• About this exercise: Under this line is a listing; return exactly the lines starting at the one with "ELEGRP Digital Toggle" and running down to the one with "Bradul de Crăciun", and leave out its pictures.

• The data:
+++

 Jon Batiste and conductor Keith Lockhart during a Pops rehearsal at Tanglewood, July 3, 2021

+++

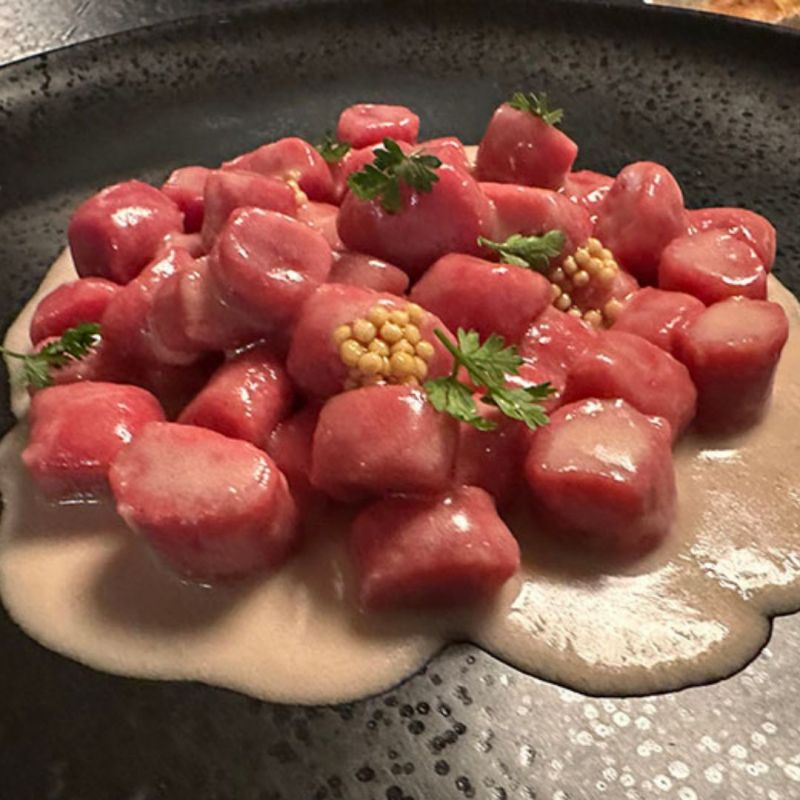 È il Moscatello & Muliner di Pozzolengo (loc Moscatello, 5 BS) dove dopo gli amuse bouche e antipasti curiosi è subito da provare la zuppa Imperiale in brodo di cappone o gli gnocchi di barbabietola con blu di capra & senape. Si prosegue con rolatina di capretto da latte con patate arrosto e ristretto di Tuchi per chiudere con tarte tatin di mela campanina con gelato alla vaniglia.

+++

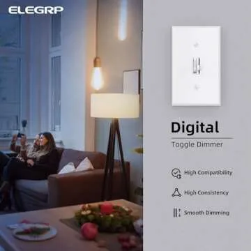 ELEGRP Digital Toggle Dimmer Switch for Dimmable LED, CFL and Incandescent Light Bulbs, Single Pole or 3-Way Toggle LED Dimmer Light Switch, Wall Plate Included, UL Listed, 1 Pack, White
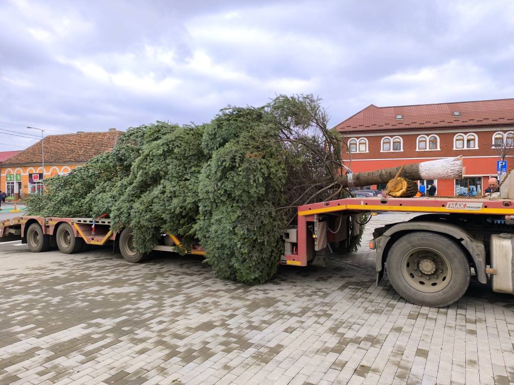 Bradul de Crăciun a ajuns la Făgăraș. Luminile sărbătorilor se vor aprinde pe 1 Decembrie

+++

• Expected answer:
 ELEGRP Digital Toggle Dimmer Switch for Dimmable LED, CFL and Incandescent Light Bulbs, Single Pole or 3-Way Toggle LED Dimmer Light Switch, Wall Plate Included, UL Listed, 1 Pack, White
 Bradul de Crăciun a ajuns la Făgăraș. Luminile sărbătorilor se vor aprinde pe 1 Decembrie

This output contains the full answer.